Avoid the trap of feeling like your athletes need an incredibly specialized training routine. It's best to keep it simple with high school athletes. They will benefit from a basic, well-rounded program, so just get them started and feeling comfortable in the weight room by introducing a few basic exercises that you can easily teach. Remember, you can always add more later on.

2. Teaching Sessions. Before you turn your athletes loose in the weight room, spend a couple of days teaching them how to perform all of the exercises and how to safely spot each other. Take your time up front to save a lot of time and energy down the road.

3. Record Keeping. Once you've created the training routine, give it to your athletes on a piece of paper or card-stock so they can record the amount of weight lifted and number of repetitions performed on each set. This serves a few important purposes. For the athlete, it tells them exactly what they should be doing on every exercise and gives them a goal each day.

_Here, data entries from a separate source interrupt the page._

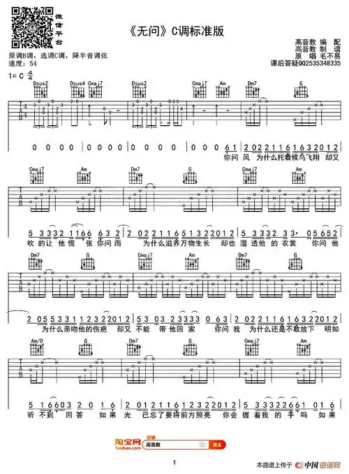 无问- 吉他谱 - 歌谱简谱大全
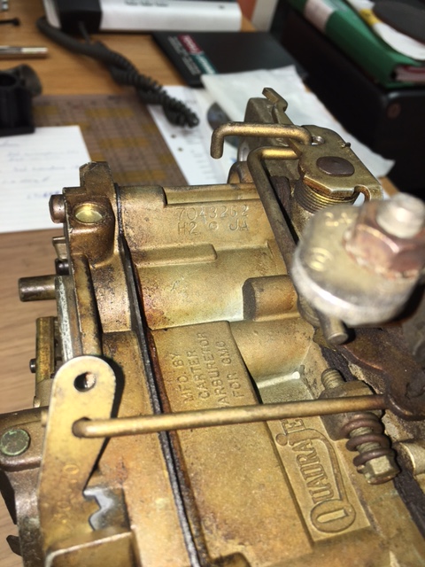 773-74 Pontiac Q-jet 750cfm, med auto. Gjuten aug. 1972. Enligt de uppgifter jag hittade satt den på 400/455 men inte säkert det stämmer.
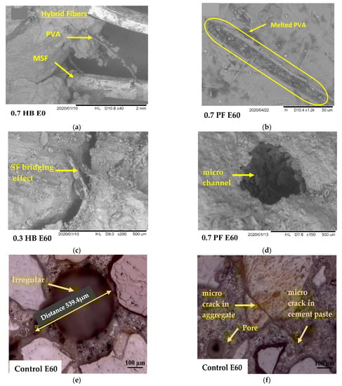 SEM/optical analysis was done on the polish surface taken from the specimen’s core (up to 20 mm depth) to understanding the fibre–matrix interactions after repeated high temperatures and HC fluid exposures. Figure 16a shows PF fibres strewed in original FRC samples, and Figure 16b shows melted PF fibre due to high-temperature exposure. In the control specimen, repeated HC fluids exposure and high temperature create extra vapour pressure and heat-induced thermal cracks that may have caused the spalling (Figure 16e,f). Due to repeated exposure to 175 °C, there was a significant difference between PF and SF FRC porosity. When the PF fibre reinforced concrete was heated up to 175 °C, PF fibres start shortening in length due to relaxation, melting occurs. These micro-channels form a network of more permeable cement matrix, which contributes to the release of gas and water vapour, thus resulting in the reduction in the pore pressure [58,61]. This phenomenon helps to reduce the spalling tendency of concrete exposed to high temperature. Due to SF’s high melting temperature, the development of such a microchannel was not observed in SF reinforced concrete. However, SF’s presence helps bridge the cracks that develop due to repeated thermal exposures, as seen in Figure 16d.
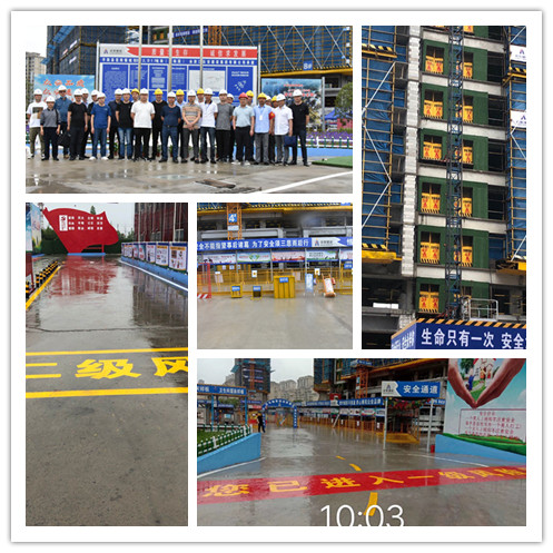 與會人員首先現(xiàn)場觀摩了項(xiàng)目標(biāo)準(zhǔn)化管理方面的推廣應(yīng)用成果及主體結(jié)構(gòu)實(shí)體質(zhì)量效果。項(xiàng)目管理在各個方面存在可圈可點(diǎn)之處:如項(xiàng)目應(yīng)用定型化設(shè)施、可重復(fù)利用設(shè)施覆蓋面較廣;工藝樣板集中展示區(qū)和安全體驗(yàn)區(qū)內(nèi)容較為豐富;合理劃分了場地功能區(qū)和標(biāo)識了風(fēng)險(xiǎn)級別區(qū);場地硬化和綠化做法比較考究;黨建工作、民工學(xué)校和班前講評活動開展務(wù)實(shí)有效取得了示范效果;企業(yè)文化宣貫和項(xiàng)目文化建設(shè)氛圍較好等。
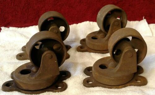 Set of 4 Antique Cast Iron Industrial Swivel Casters Steam Punk 2 3/8"

This will help them make progress and eliminates guess-work.

For the coach, a workout card quickly gives you a lot of information and tracks attendance. You are going to be bouncing around from athlete to athlete, spotting as many athletes as possible; you want to spot each athlete on at least one exercise each day so you have a little contact with everyone. As soon as you're done spotting one athlete, look around the room, see who is ready to lift, and get there quickly.
Having the workout card available allows you to easily see the weight and repetition goal for each set before you begin spotting. You can assess progress and effort on each exercise by taking a quick look at the chart. This is a great way to increase accountability and improve your ability to coach multiple athletes in the weight room.

4. Exercise Selection. In an effort to keep your training sessions time-efficient, it is recommended to select exercises that utilize a large amount of musculature rather than focusing on isolation exercises. For example, squats, leg presses, lunges, bench presses, dips, pull-downs, rows, and military presses all use multiple joints and recruit several muscle groups. These exercises should be the foundation of your program.

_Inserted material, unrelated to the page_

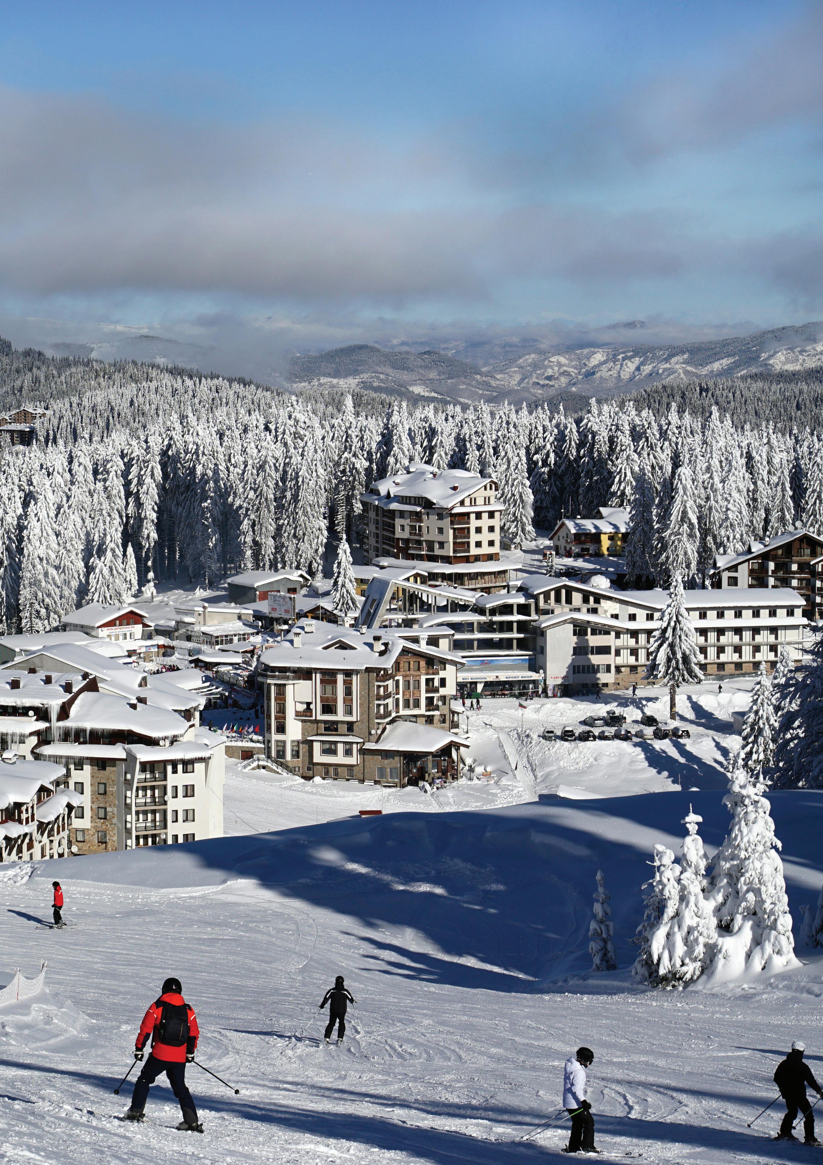 Pamporovo is the most laid-back and sunniest of the resorts. It is said to have 120 days of sunshine during the ski season. Gentle weather and soft, curvy slopes nestle in the fairytale-like Rhodope mountain, 70km from Plovdiv airport. The attractive, sheltered forested setting, non-extreme mid-winter temperatures, and child-friendly purpose-built facilities mean that Pamporovo is widely regarded as Bulgaria’s best ski resort for families, improving novices and early intermediates. You’re less likely to find stag dos and the like here and the mexanas (traditional taverns) serve excellent food and homemade wines.
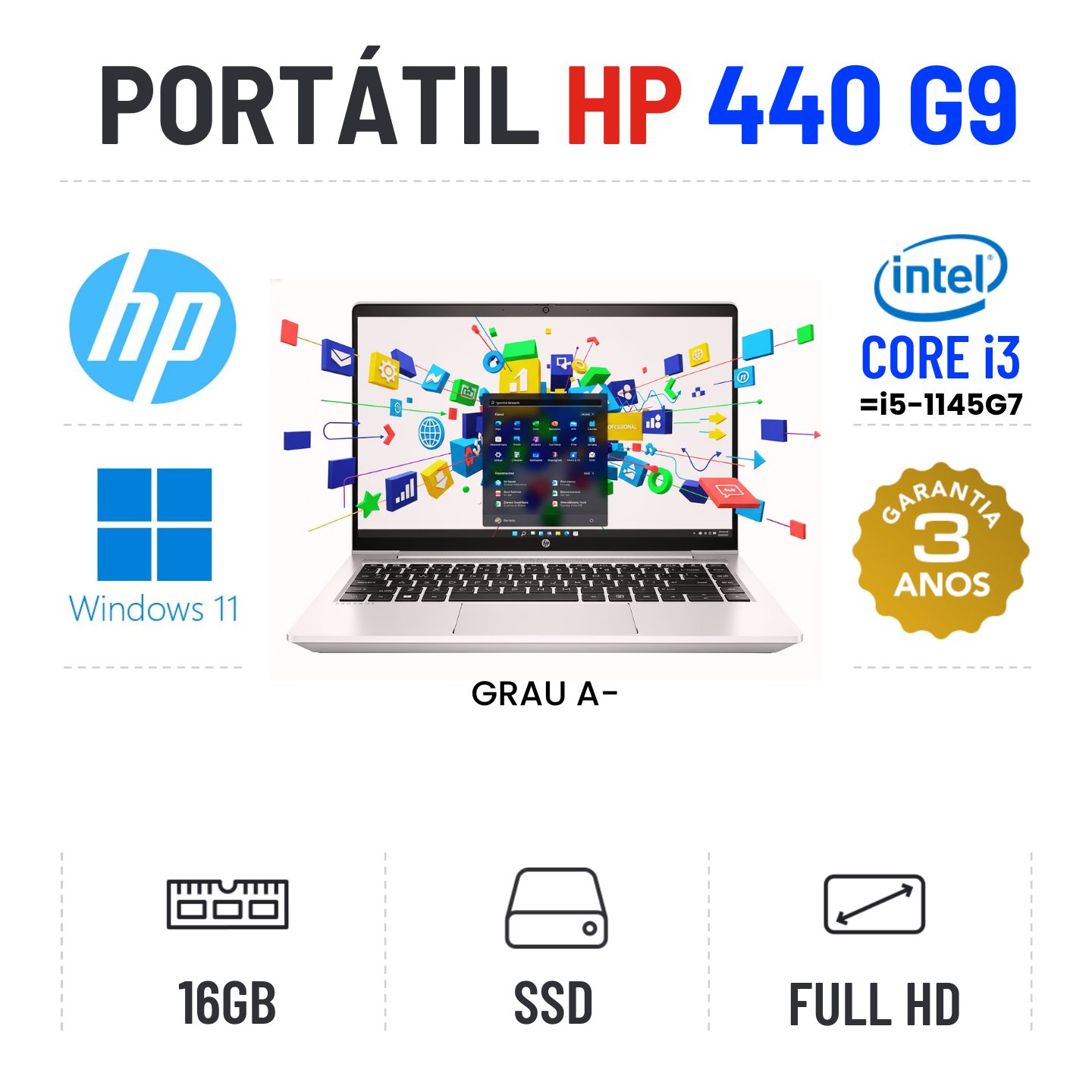 HP PROBOOK 440 G9 | 14" FULLHD | i3-1215U=i5-1145G7 | 16GB RAM | 240GB SSDGrau A menos - Apontamentos estéticos ligeiros - 100% funcional

Curls, wrist extensions, and triceps pushdowns are examples of isolation exercises that can eat up a lot of valuable time.

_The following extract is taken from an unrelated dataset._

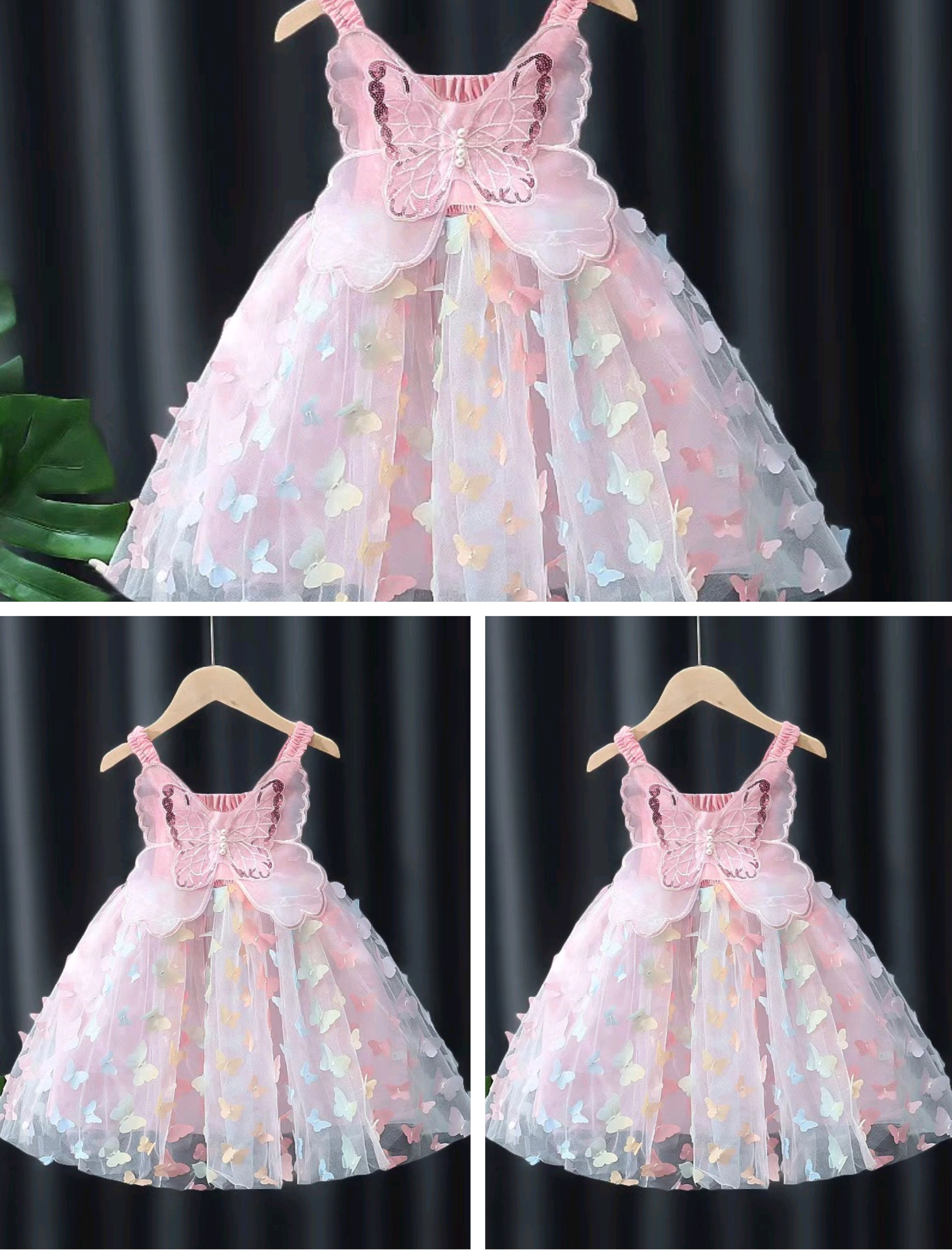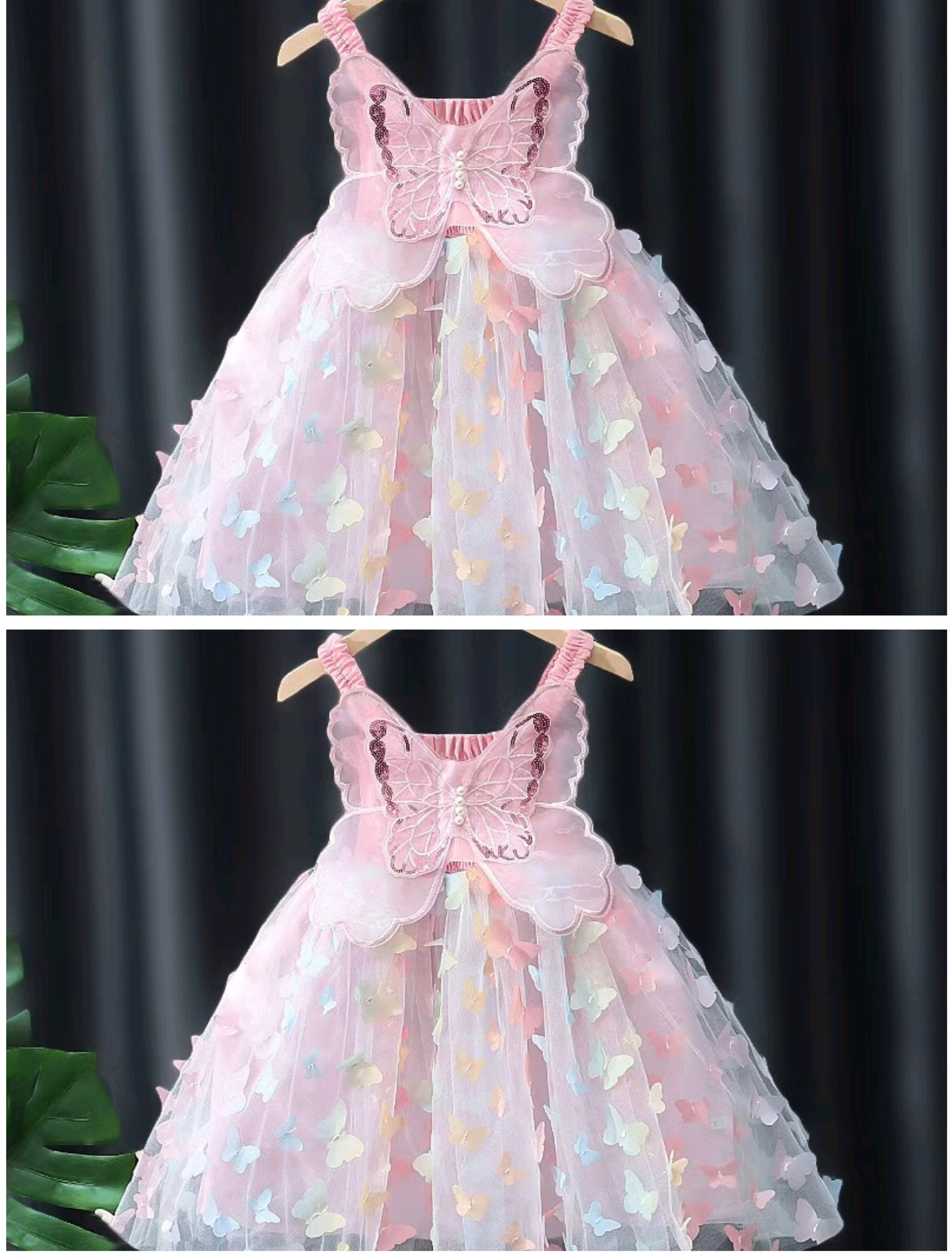 Girls' Summer Children's Three Dimensional Bow Girls' Princess Mesh Vest Pearl Strap Dress

It is also highly recommend that you select exercises that are relatively easy to teach, learn and execute. Lifts like the power clean and sn**ch are very technique intensive, require a great deal of coaching expertise, and are often performed incorrectly, which can be dangerous. There is absolutely no need to include exercises that are problematic for your situation. Whether you don't feel comfortable teaching an exercise or the athletes just aren't getting it, drop any exercise that is causing problems.

5. Traffic Flow. I often see traffic jams in high school weight rooms. This makes for an inefficient, frustrating experience that can be avoided. Rather than performing several sets of each exercise, have your athletes perform one set of 2-4 different exercises for the same body part to keep traffic moving.

For example, instead of performing three sets of bench press, try doing one set of bench press, one set of incline press, and one set of push-ups. Not only will this keep everyone moving, it also allows the musculature to be trained at several different angles and is equally effective in developing strength. This eliminates a lot of standing around that ultimately creates distractions and decreases training intensity.

You can also create different versions of a workout. Change the order of exercises for some athletes so the equipment is being used at different times. This small change will allow more athletes to workout simultaneously without traffic jams.

The weight room can be the motivational hub of your program if you create the right environment, and these simple tips can increase your effectiveness as a coach. They will allow you to maximize your coaching skills and give your athletes what they deserve - your attention.